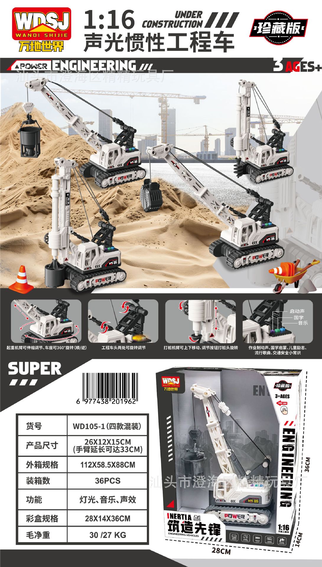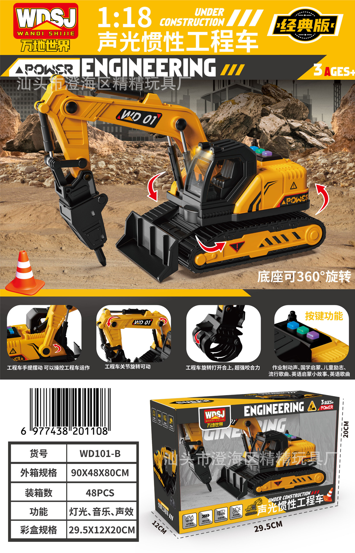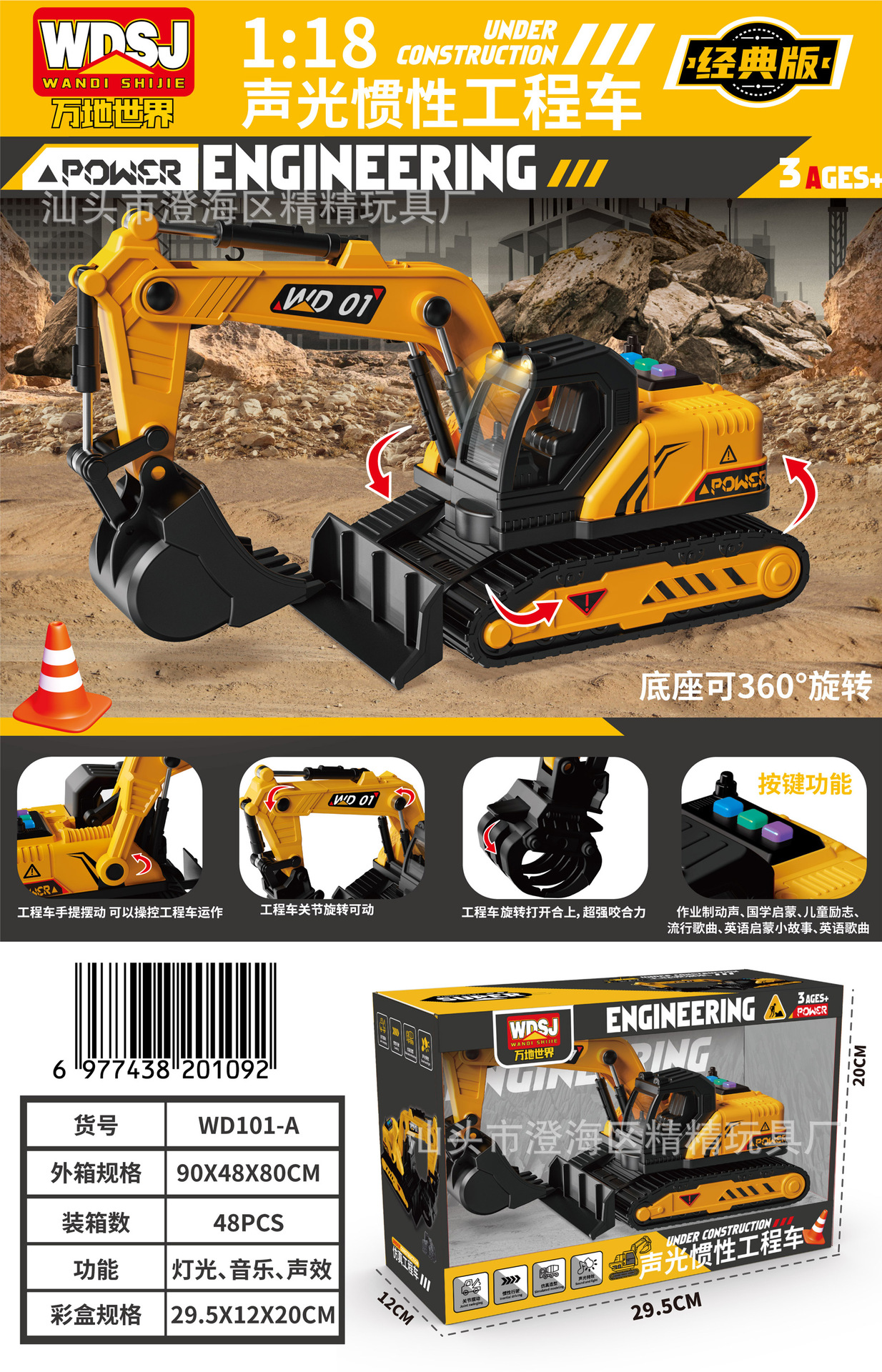 男孩玩具大号惯性挖掘机推土工程车套装带声光机构续费礼品批发
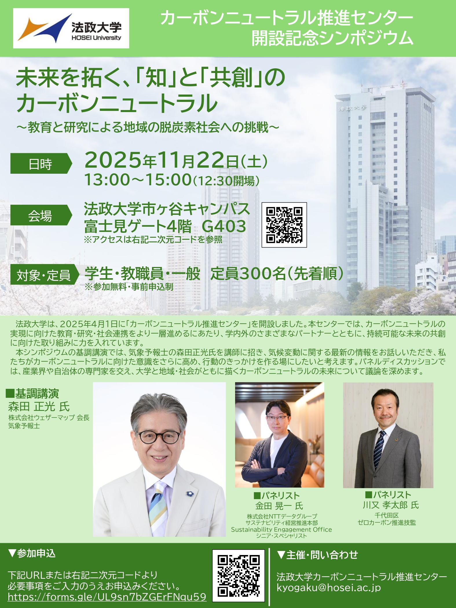 【参加者募集】法政大学カーボンニュートラル推進センター開設記念シンポジウムを開催します
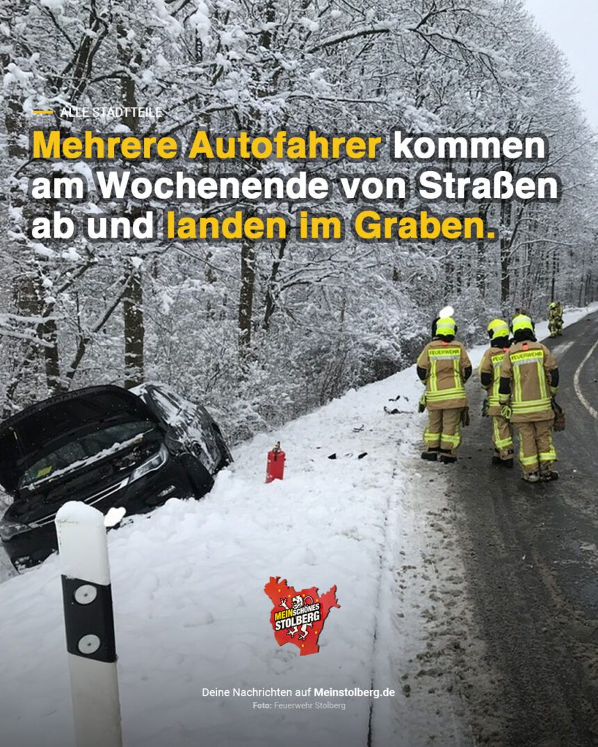Am Wochenende mussten Feuerwehr und andere Helfer mehrfach Fahrzeuge aus Straßengräben befreien. Bei den kalten Temperaturen und anhaltenden Schneefällen rutschten einige Stolberger von der Fahrbahn.
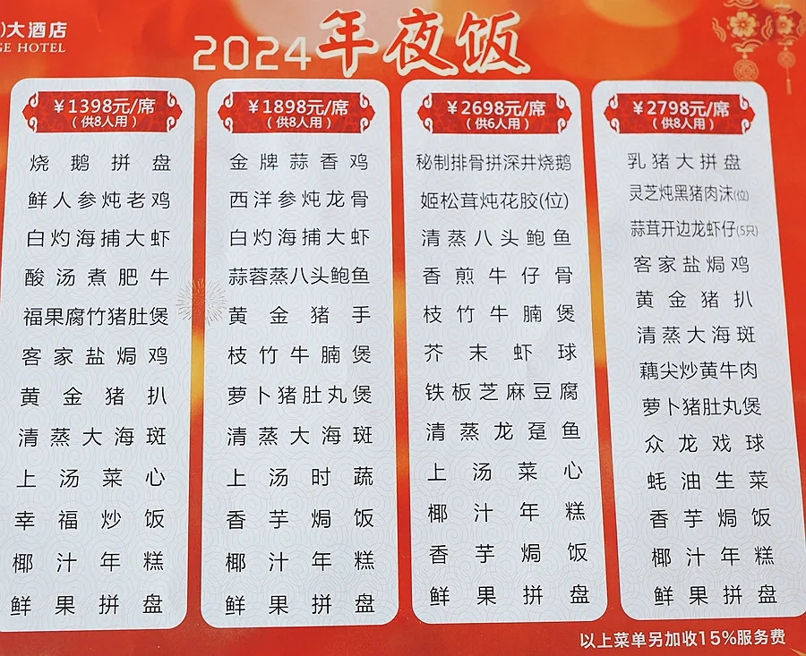 記者梳理發(fā)現(xiàn),餐飲酒店的年夜飯的價(jià)格從幾百元到數(shù)千元不等,定價(jià)多與“6”“8”等吉利的數(shù)字相關(guān)。其中不少酒店都會(huì)標(biāo)注春節(jié)期間會(huì)全單加收10%~15%不等的服務(wù)費(fèi),酒店方面解釋,主要是春節(jié)假期人手緊張,人工價(jià)也相對(duì)較高,“我們都會(huì)和客人解釋清楚,大部分都能接受!
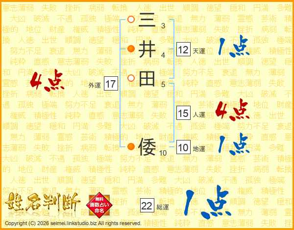 三井田倭さんの総運は22画の1点!
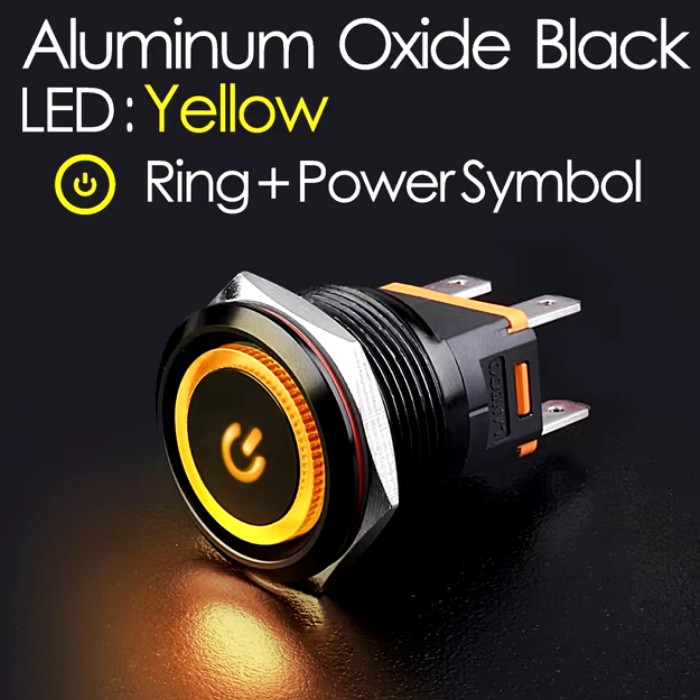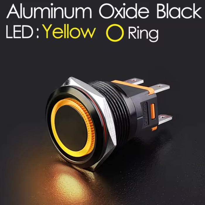 | LB22C-P20Z/EDYY9-24V/A(L) Кнопка антивандальная D=22mm, 2NO, Aluminum oxide BLACK плоская, нормально открытая, С ФИКСАЦИИ, круговая+символ ON/OFF LED YELLOW(желтый), High-Current, MAX: 15A/250VAC
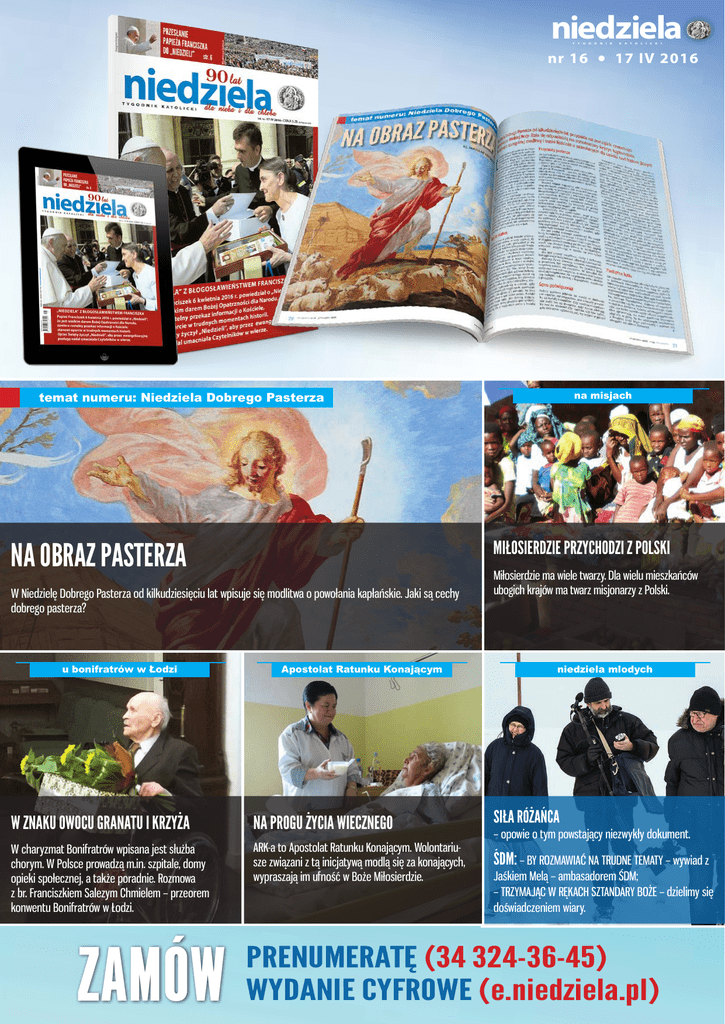 niedziela T Y G nr 16 N I K K A T O L I C K I 17 IV 2016 MIŁOSIERDZIE PRZYCHODZI Z POLSKI W Niedzielę Dobrego Pasterza od kilkudziesięciu lat wpisuje się modlitwa o powołania kapłańskie. Jaki są cechy dobrego pasterza? u bonifratrów w Łodzi D na misjach temat numeru: Niedziela Dobrego Pasterza NA OBRAZ PASTERZA O Apostolat Ratunku Konającym Miłosierdzie ma wiele twarzy. Dla wielu mieszkańców ubogich krajów ma twarz misjonarzy z Polski. niedziela mlodych W ZNAKU OWOCU GRANATU I KRZYŻA NA PROGU ŻYCIA WIECZNEGO SIŁA RÓŻAŃCA W charyzmat Bonifratrów wpisana jest służba chorym. W Polsce prowadzą m.in. szpitale, domy opieki społecznej, a także poradnie. Rozmowa z br. Franciszkiem Salezym Chmielem – przeorem konwentu Bonifratrów w Łodzi. ARK-a to Apostolat Ratunku Konającym. Wolontariusze związani z tą inicjatywą modlą się za konających, wypraszają im ufność w Boże Miłosierdzie. ŚDM: – BY ROZMAWIAĆ NA TRUDNE TEMATY – wywiad z ZAMÓW – opowie o tym powstający niezwykły dokument. Jaśkiem Melą – ambasadorem ŚDM; – TRZYMAJĄC W RĘKACH SZTANDARY BOŻE – dzielimy się doświadczeniem wiary. PRENUMERATĘ (34 324-36-45) WYDANIE CYFROWE (e.niedziela.pl) Zapraszamy do lektury 16. numeru „Niedzieli” na 17 kwietnia 2016 r. Proponujemy m.in. artykuły: Temat numeru: Niedziela Dobrego Pasterza Święty, który otwarł nam drzwi do Europy Św. Wojciech odegrał szczególną rolę w historii Polski, a jego krew stała się prawdziwym posiewem chrześcijaństwa. O życiu i męczeńskiej śmierci jednego z patronów Polski pisze „Niedziela”. Na obraz Pasterza W Niedzielę Dobrego Pasterza od kilkudziesięciu lat wpisuje się modlitwa o powołania kapłańskie. Jaki są cechy dobrego pasterza? Księża, których się nie zapomina Kapłan, który potrafi rozproszyć wątpliwości, rozwiązać supełki sumienia, rzucić koło ratunkowe – czytelnicy „Niedzieli” wspominają kapłanów, którzy w ich życiu odegrali wyjątkową rolę. Miłosierdzie przychodzi z Polski Miłosierdzie ma wiele twarzy. Dla wielu mieszkańców ubogich krajów ma twarz misjonarzy z Polski. W znaku owocu granatu i krzyża W charyzmat Bonifratrów wpisana jest służba chorym. W Polsce prowadzą m.in. szpitale, domy opieki społecznej, a także poradnie. Rozmowa z br. Franciszkiem Salezym Chmielem – przeorem konwentu Bonifratrów w Łodzi. Na progu życia wiecznego ARK-a to Apostolat Ratunku Konającym. Wolontariusze związani z tą inicjatywą modlą się za konających, wypraszają im ufność w Boże Miłosierdzie. Franciszek w oczach Amerykanów Co sądzą o papieżu Franciszku Amerykanie i na czym polegał papieski konflikt z Donaldem Trumpem? W „Niedzieli Młodych”: * Siła Różańca – opowie o tym powstający niezwykły dokument. * ŚDM: ^ By rozmawiać na trudne tematy – wywiad z Jaśkiem Melą – ambasadorem ŚDM; ^ Trzymając w rękach sztandary Boże – dzielimy się doświadczeniem wiary.
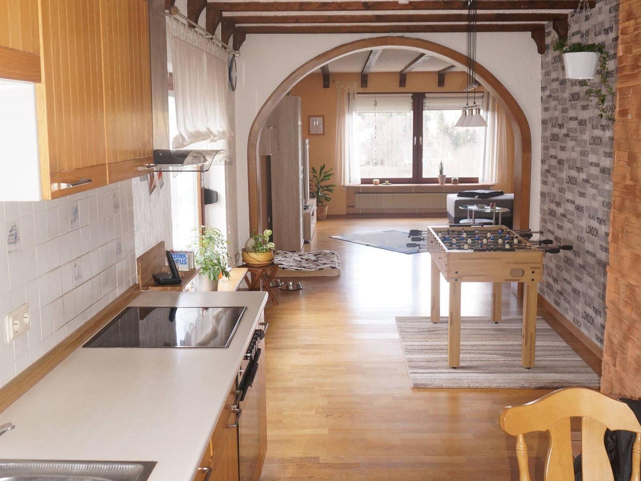 Wohnzimmer: Neben einem Fernseher haben Sie auch die Möglichkeit, den Tag bei einem gemeinsamen Tischfußballspiel ausklingen zu lassen. Von unserem Wohnzimmer haben Sie einen herrlichen Blick auf die Nachbargemeinde Züsch und in den Hochwald.
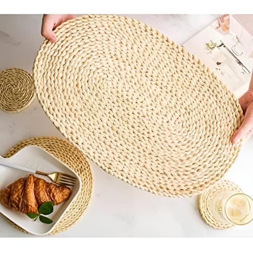 Generic - قاعدة اكواب مضادة للانزلاق - تصميم بيضاوي سميك منسوج بابعاد 30 × 45 سم، مصنوعة من قشر الذرة المستدام، توفر مقاومة للحرارة وتمنع الانزلاق لحماية آمنة وجذابة للطاولة
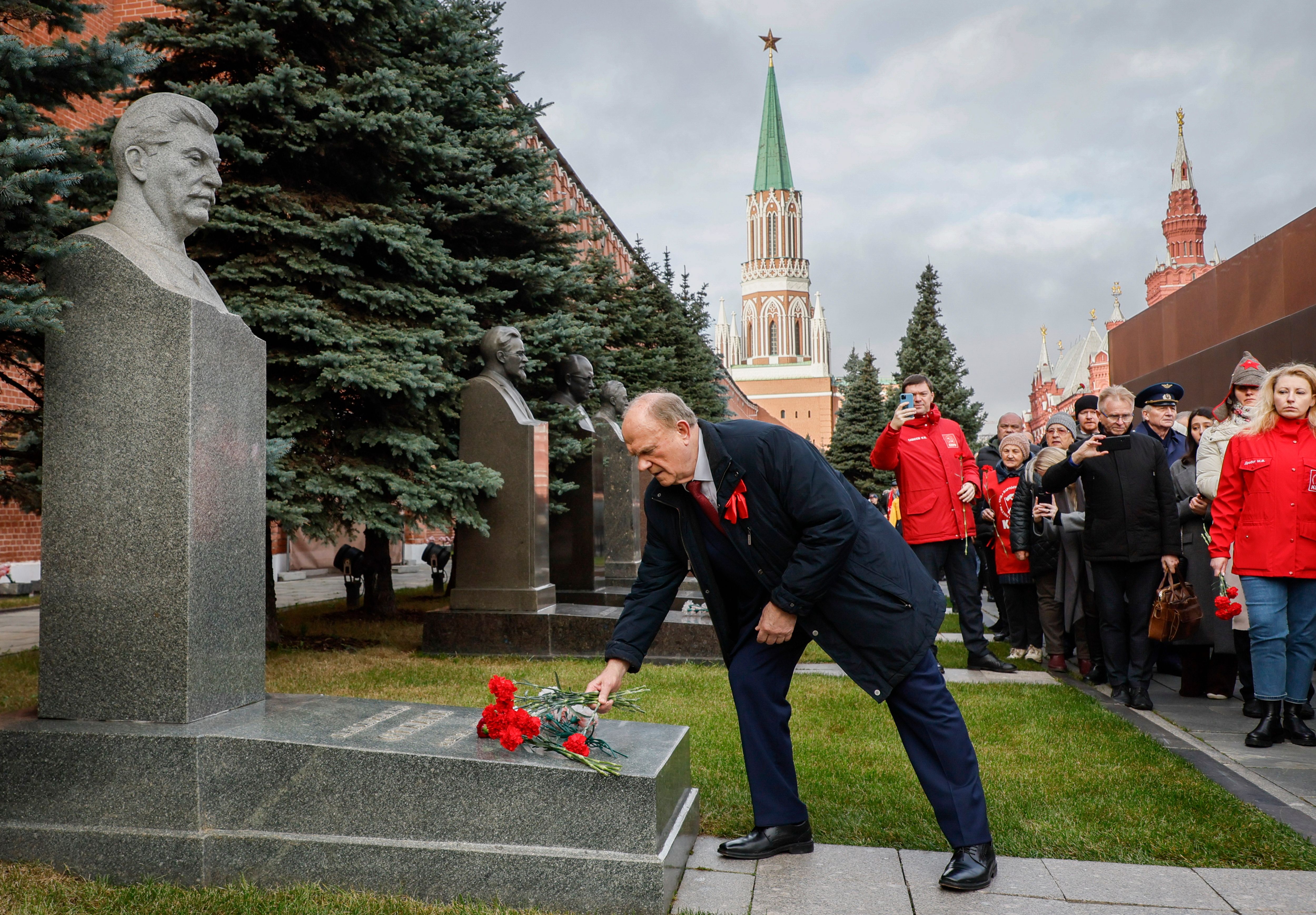 Leader of the Russian Communist Party, Gennady Zuganov, attends a laying flowers ceremony at Joseph Stalin's tomb on the Red Square to mark the 106th anniversary of the founding of the Leninist Komsomol in Moscow, Russia, 29 October 2024. The Komsomol is a political youth organization of the Soviet Union. (Photo by Yuri Kochetkov/EPA/EFE)

## ASSIGNED TASK
Every line between the start of the listing and the line containing "High-Current, MAX: 15A/250VAC", both ends counted, needs to be printed exactly, minus the pictures.

## ANSWER BOX
 男孩玩具大号惯性挖掘机推土工程车套装带声光机构续费礼品批发
 【参加者募集】法政大学カーボンニュートラル推進センター開設記念シンポジウムを開催します
Am Wochenende mussten Feuerwehr und andere Helfer mehrfach Fahrzeuge aus Straßengräben befreien. Bei den kalten Temperaturen und anhaltenden Schneefällen rutschten einige Stolberger von der Fahrbahn.
 記者梳理發(fā)現(xiàn),餐飲酒店的年夜飯的價(jià)格從幾百元到數(shù)千元不等,定價(jià)多與“6”“8”等吉利的數(shù)字相關(guān)。其中不少酒店都會(huì)標(biāo)注春節(jié)期間會(huì)全單加收10%~15%不等的服務(wù)費(fèi),酒店方面解釋,主要是春節(jié)假期人手緊張,人工價(jià)也相對(duì)較高,“我們都會(huì)和客人解釋清楚,大部分都能接受!
 三井田倭さんの総運は22画の1点!
 | LB22C-P20Z/EDYY9-24V/A(L) Кнопка антивандальная D=22mm, 2NO, Aluminum oxide BLACK плоская, нормально открытая, С ФИКСАЦИИ, круговая+символ ON/OFF LED YELLOW(желтый), High-Current, MAX: 15A/250VAC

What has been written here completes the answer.